Le concentrazioni di polveri sottili nell’aria continuano ad eccedere i limiti imposti dall’Unione europea, con importanti ricadute sulla salute dei cittadini, come ribadito dall’Agenzia europea per l’Ambiente nell’ultimo report sulla salute dell’aria, l’Air Quality Europe 2017. Il report, riferito a dati del 2015, sottolinea come in tutta Europa il settore dei combustibili fossili a uso commerciale, civile e domestico sia stato il principale responsabili delle emissioni di CO e polveri sottili, quali ad esempio PM2.5 e PM10. Le emissioni di PM in questo settore sono rimaste relativamente costanti tra il 2000 e il 2015, mentre sono aumentate le emissioni di sostanze altamente nocive quali ammoniaca, piombo, cadmio e mercurio. Un inquinamento che ha ricadute economiche e sociali considerevoli poiché accorciandosi la durata della vita aumentano i costi sanitari e si riduce la produttività nei giorni lavorativi.

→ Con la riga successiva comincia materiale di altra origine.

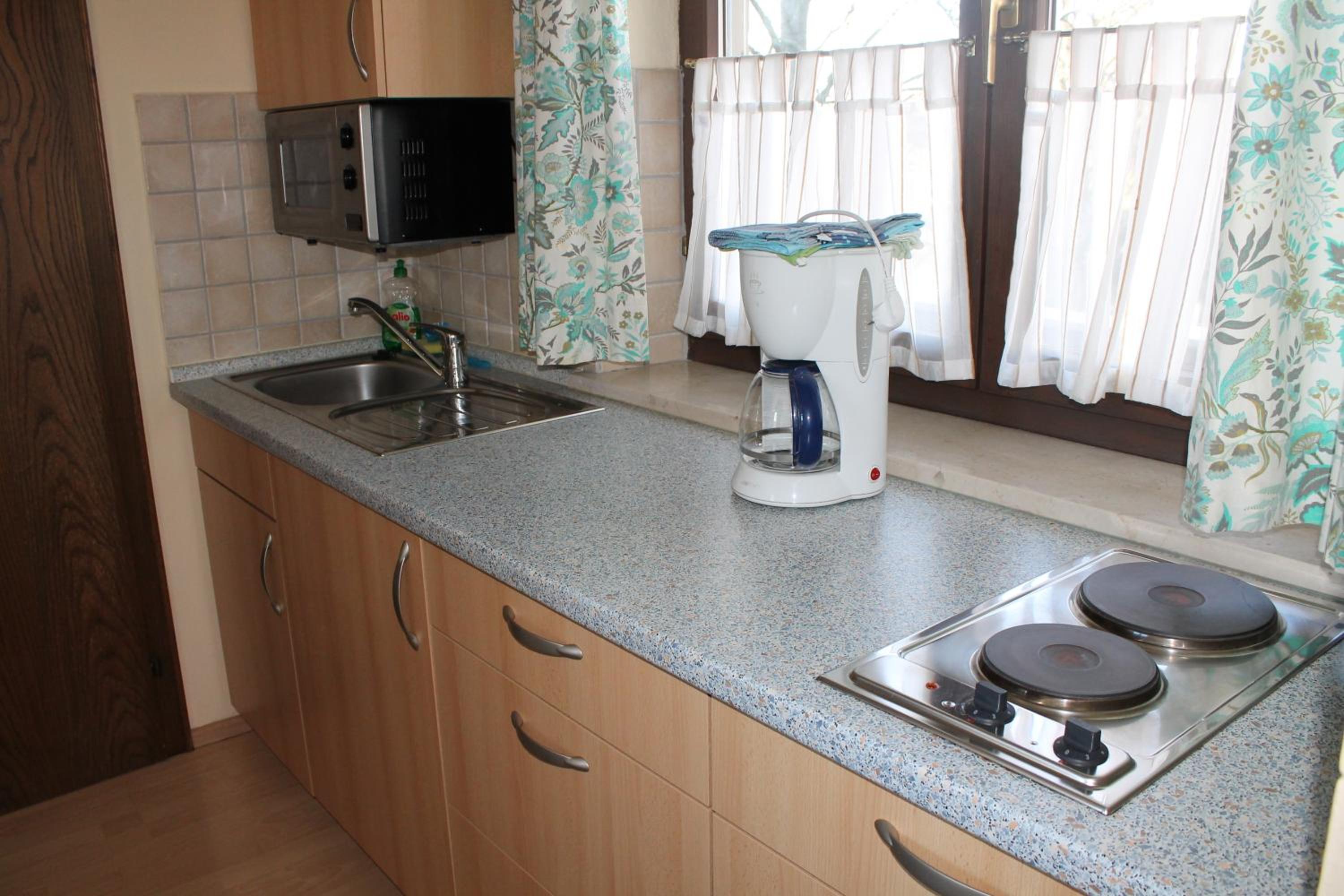 Das Zimmer war mit einer gut ausgestatteten Küchenzeile und einer Sitzecke ein perfekter Erholungsort für uns. Wir hatten ein Zimmer zur Therme mit großem Balkon.

Alti costi sociali – La situazione risulta particolarmente grave nel nostro Paese. Ssecondo quanto ripreso anche dalla Fondazione per lo Sviluppo Sostenibile nel report “La sfida della qualità dell’aria nelle città italiane”, qui si registra il maggior numero di morti premature d’Europa dovute all’inquinamento: circa 91 mila, di cui in particolare 66.630 attribuibili all’esposizione al PM2.5, 21.040 al diossido d’azoto e 3.380 alle alte concentrazioni di ozono. Oltre alle emissioni dei trasporti e quelle di origine industriale, il riscaldamento residenziale, soprattutto a biomasse, è tra i principali responsabili della produzione di queste polveri. Solo in Lombardia la combustione della legna rappresenta una delle principali fonti di particolato insieme al traffico, essendo responsabile, secondo i dati di Arpa Lombardia (Inemar2012) del 25% delle emissioni regionali. Nel settore civile inoltre le biomasse rappresentano la quasi totalità delle fonti di emissioni inquinanti, oltre il 99%. Dati che sfuggono alla percezione generale, nel convincimento che l’inquinamento dell’aria dipenda quasi esclusivamente dalle emissioni delle auto.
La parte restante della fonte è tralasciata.